Task objective:
Restate, exactly as written, the entries below from the line that holds "Рис. 23. Части" through the line that holds "會(huì)上,對(duì)". Pictures are not part of the copy.

Source material:
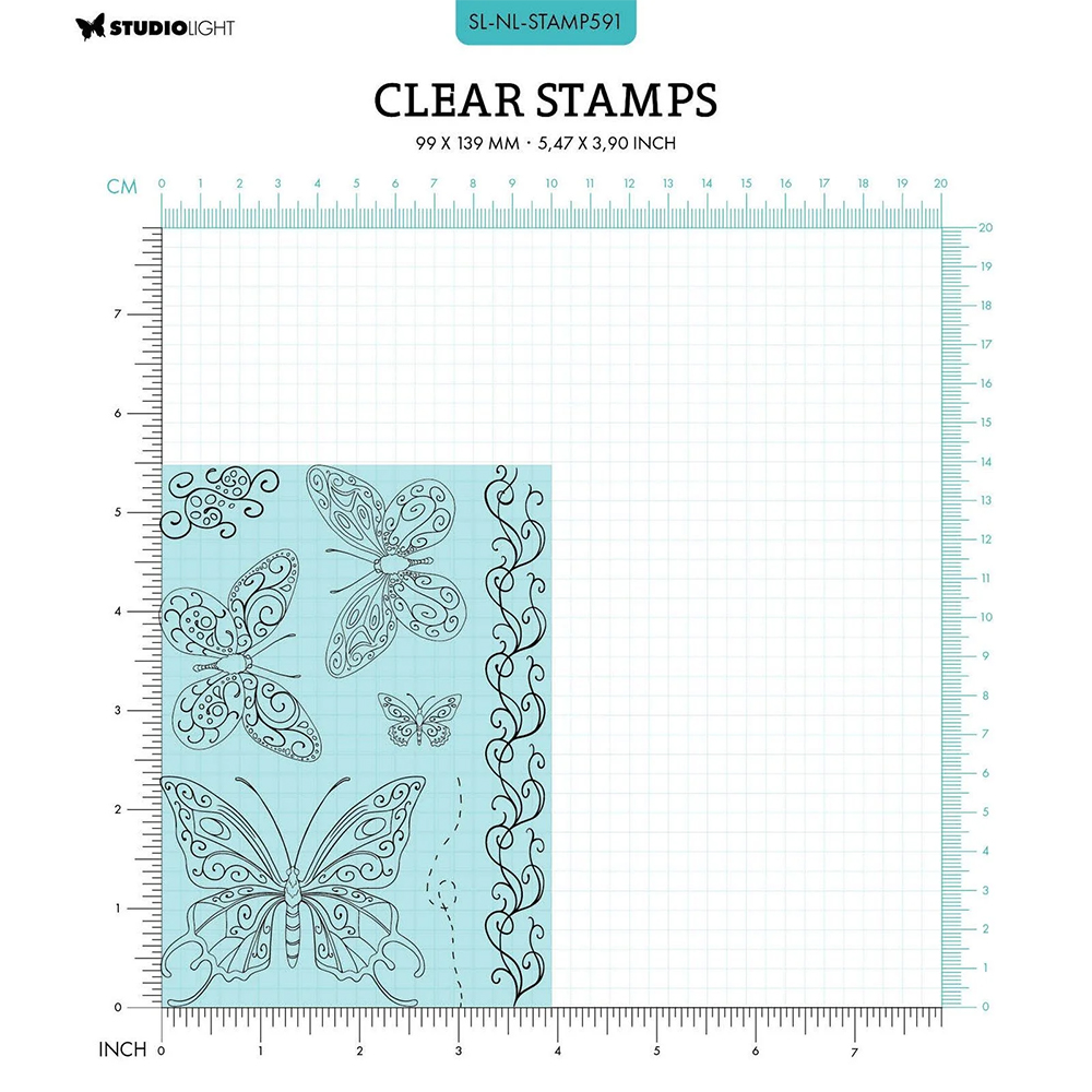 Clear stamp by Studio Light includes butterfly elements plus some extra elements perfect for finishing off your projects. They can be used for scrapbooking, journaling and card making. Part of the Nature Lover Collection.
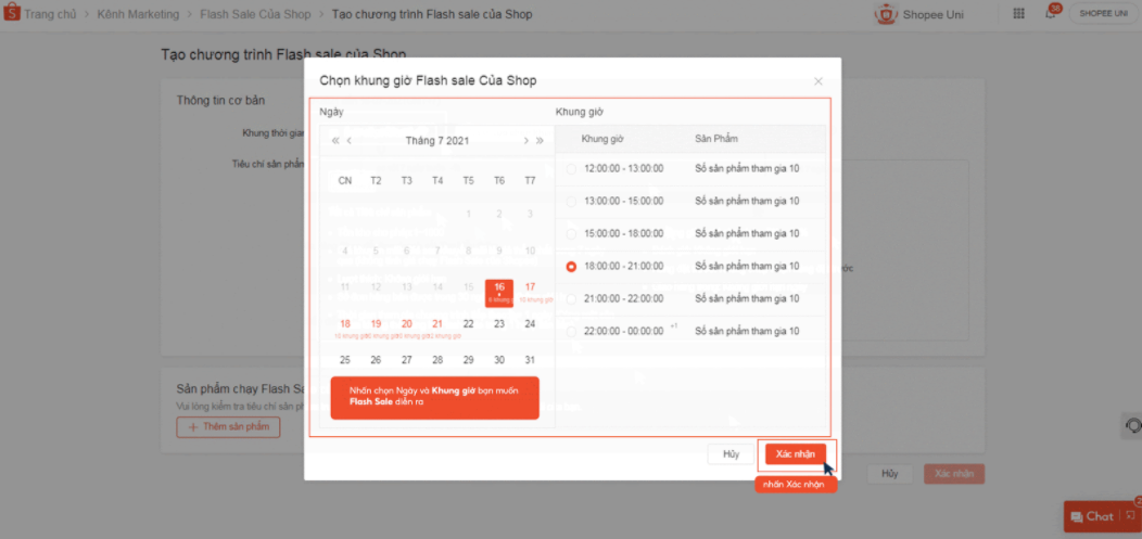 + Lựa chọn khung giờ và ngày chạy Flash Sale phù hợp cho sản phẩm.
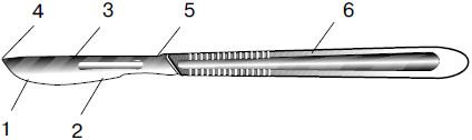 Рис. 23. Части конструкции хирургического ножа (скальпеля): 1 – лезвие; 2 – режущая кромка; 3 – обушок; 4 – кончик лезвия; 5 – шейка; 6 – ручка (по: Medicon instruments, 1986).
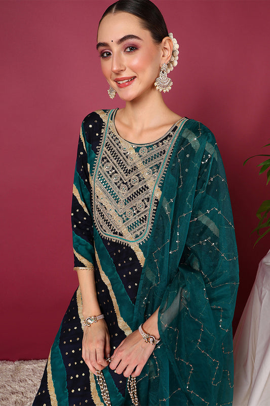 Plus Size Navy Blue Viscose Rayon Leheriya Printed Yoke Design Straight Suit Set VKSKD2099
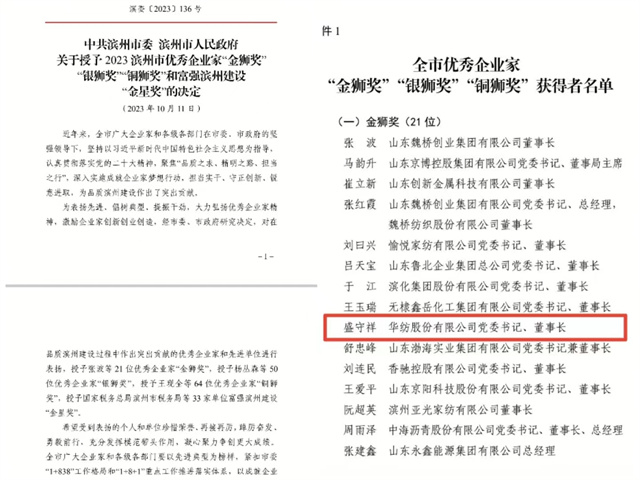 會(huì)上,對(duì)在品質(zhì)濱州建設(shè)過(guò)程中作出突出貢獻(xiàn)的優(yōu)秀企業(yè)家和先進(jìn)單位進(jìn)行了表彰頒獎(jiǎng),公司黨委書(shū)記、董事長(zhǎng)盛守祥先生榮獲2023濱州市優(yōu)秀企業(yè)家“金獅獎(jiǎng)”。
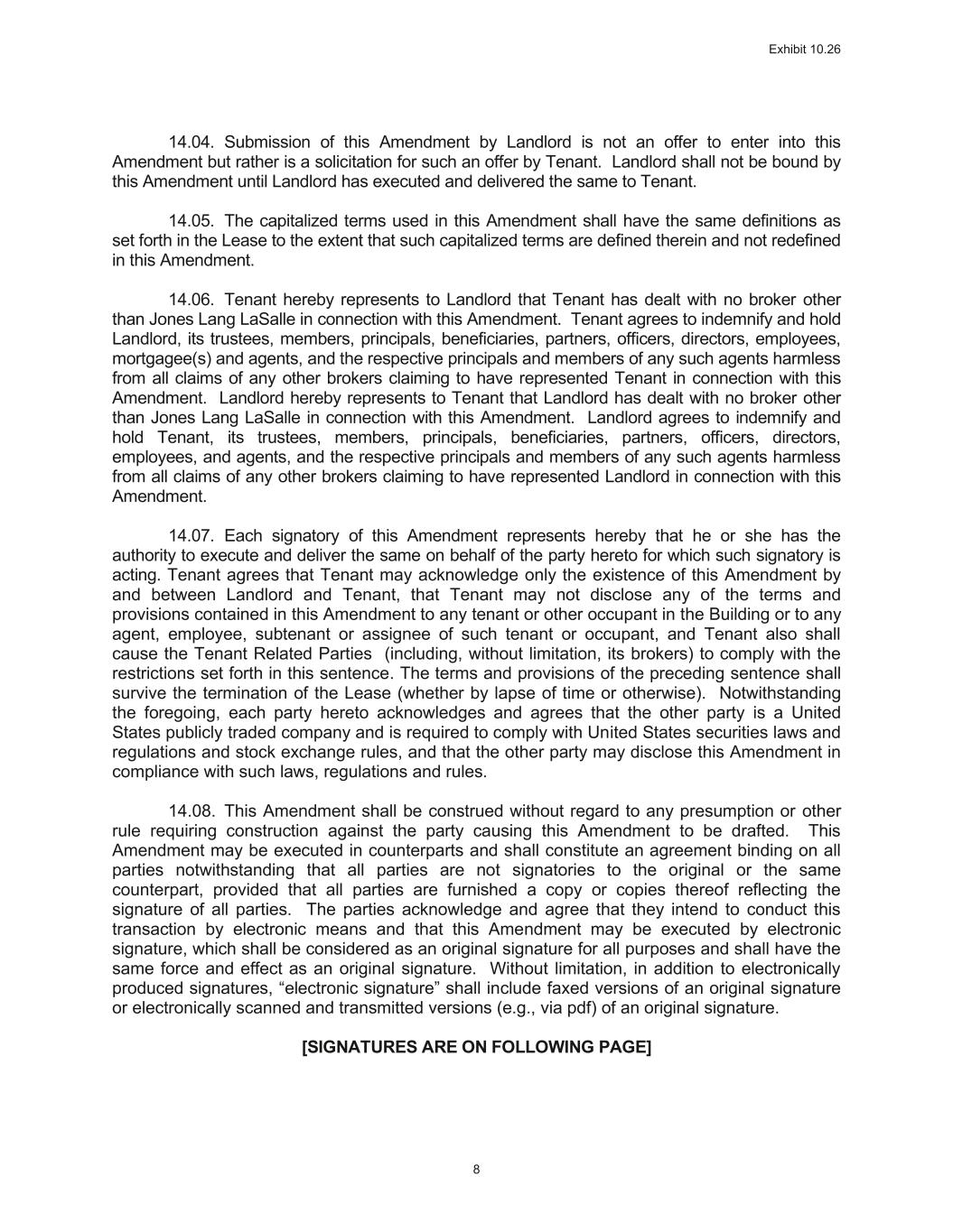 8 14.04. Submission of this Amendment by Landlord is not an offer to enter into this Amendment but rather is a solicitation for such an offer by Tenant. Landlord shall not be bound by this Amendment until Landlord has executed and delivered the same to Tenant. 14.05. The capitalized terms used in this Amendment shall have the same definitions as set forth in the Lease to the extent that such capitalized terms are defined therein and not redefined in this Amendment. 14.06. Tenant hereby represents to Landlord that Tenant has dealt with no broker other than Jones Lang LaSalle in connection with this Amendment. Tenant agrees to indemnify and hold Landlord, its trustees, members, principals, beneficiaries, partners, officers, directors, employees, mortgagee(s) and agents, and the respective principals and members of any such agents harmless from all claims of any other brokers claiming to have represented Tenant in connection with this Amendment. Landlord hereby represents to Tenant that Landlord has dealt with no broker other than Jones Lang LaSalle in connection with this Amendment. Landlord agrees to indemnify and hold Tenant, its trustees, members, principals, beneficiaries, partners, officers, directors, employees, and agents, and the respective principals and members of any such agents harmless from all claims of any other brokers claiming to have represented Landlord in connection with this Amendment. 14.07. Each signatory of this Amendment represents hereby that he or she has the authority to execute and deliver the same on behalf of the party hereto for which such signatory is acting. Tenant agrees that Tenant may acknowledge only the existence of this Amendment by and between Landlord and Tenant, that Tenant may not disclose any of the terms and provisions contained in this Amendment to any tenant or other occupant in the Building or to any agent, employee, subtenant or assignee of such tenant or occupant, and Tenant also shall cause the Tenant Related Parties (including, without limitation, its brokers) to comply with the restrictions set forth in this sentence. The terms and provisions of the preceding sentence shall survive the termination of the Lease (whether by lapse of time or otherwise). Notwithstanding the foregoing, each party hereto acknowledges and agrees that the other party is a United States publicly traded company and is required to comply with United States securities laws and regulations and stock exchange rules, and that the other party may disclose this Amendment in compliance with such laws, regulations and rules. 14.08. This Amendment shall be construed without regard to any presumption or other rule requiring construction against the party causing this Amendment to be drafted. This Amendment may be executed in counterparts and shall constitute an agreement binding on all parties notwithstanding that all parties are not signatories to the original or the same counterpart, provided that all parties are furnished a copy or copies thereof reflecting the signature of all parties. The parties acknowledge and agree that they intend to conduct this transaction by electronic means and that this Amendment may be executed by electronic signature, which shall be considered as an original signature for all purposes and shall have the same force and effect as an original signature. Without limitation, in addition to electronically produced signatures, “electronic signature” shall include faxed versions of an original signature or electronically scanned and transmitted versions (e.g., via pdf) of an original signature. [SIGNATURES ARE ON FOLLOWING PAGE] Exhibit 10.26
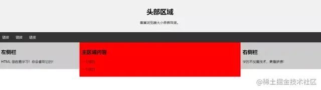 不相等的列一般是在中间部分设置内容区域,这块也是最大最主要的,左右两次侧可以作为一些导航等相关内容,这三列加起来的宽度是 100%。
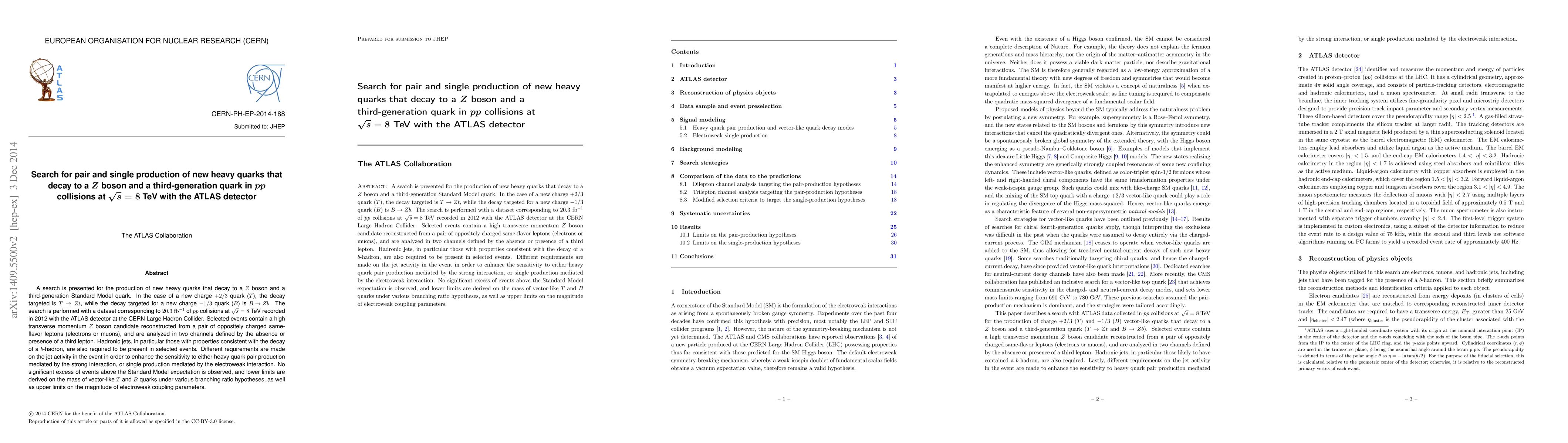 A search is presented for the production of new heavy quarks that decay to a $Z$ boson and a third-generation Standard Model quark. In the case of a new charge +2/3 quark ($T$), the decay targeted is $T \rightarrow Zt$, while the decay targeted for a new charge -1/3 quark ($B$) is $B \rightarrow Zb$. The search is performed with a dataset corresponding to 20.3 fb$^{-1}$ of $pp$ collisions at $\sqrt{s}=8$ TeV recorded in 2012 with the ATLAS detector at the CERN Large Hadron Collider. Selected events contain a high transverse momentum $Z$ boson candidate reconstructed from a pair of oppositely charged same-flavor leptons (electrons or muons), and are analyzed in two channels defined by the absence or presence of a third lepton. Hadronic jets, in particular those with properties consistent with the decay of a $b$-hadron, are also required to be present in selected events. Different requirements are made on the jet activity in the event in order to enhance the sensitivity to either heavy quark pair production mediated by the strong interaction, or single production mediated by the electroweak interaction. No significant excess of events above the Standard Model expectation is observed, and lower limits are derived on the mass of vector-like $T$ and $B$ quarks under various branching ratio hypotheses, as well as upper limits on the magnitude of electroweak coupling parameters.

Exercise answer:
 Рис. 23. Части конструкции хирургического ножа (скальпеля): 1 – лезвие; 2 – режущая кромка; 3 – обушок; 4 – кончик лезвия; 5 – шейка; 6 – ручка (по: Medicon instruments, 1986).
 Plus Size Navy Blue Viscose Rayon Leheriya Printed Yoke Design Straight Suit Set VKSKD2099
 會(huì)上,對(duì)在品質(zhì)濱州建設(shè)過(guò)程中作出突出貢獻(xiàn)的優(yōu)秀企業(yè)家和先進(jìn)單位進(jìn)行了表彰頒獎(jiǎng),公司黨委書(shū)記、董事長(zhǎng)盛守祥先生榮獲2023濱州市優(yōu)秀企業(yè)家“金獅獎(jiǎng)”。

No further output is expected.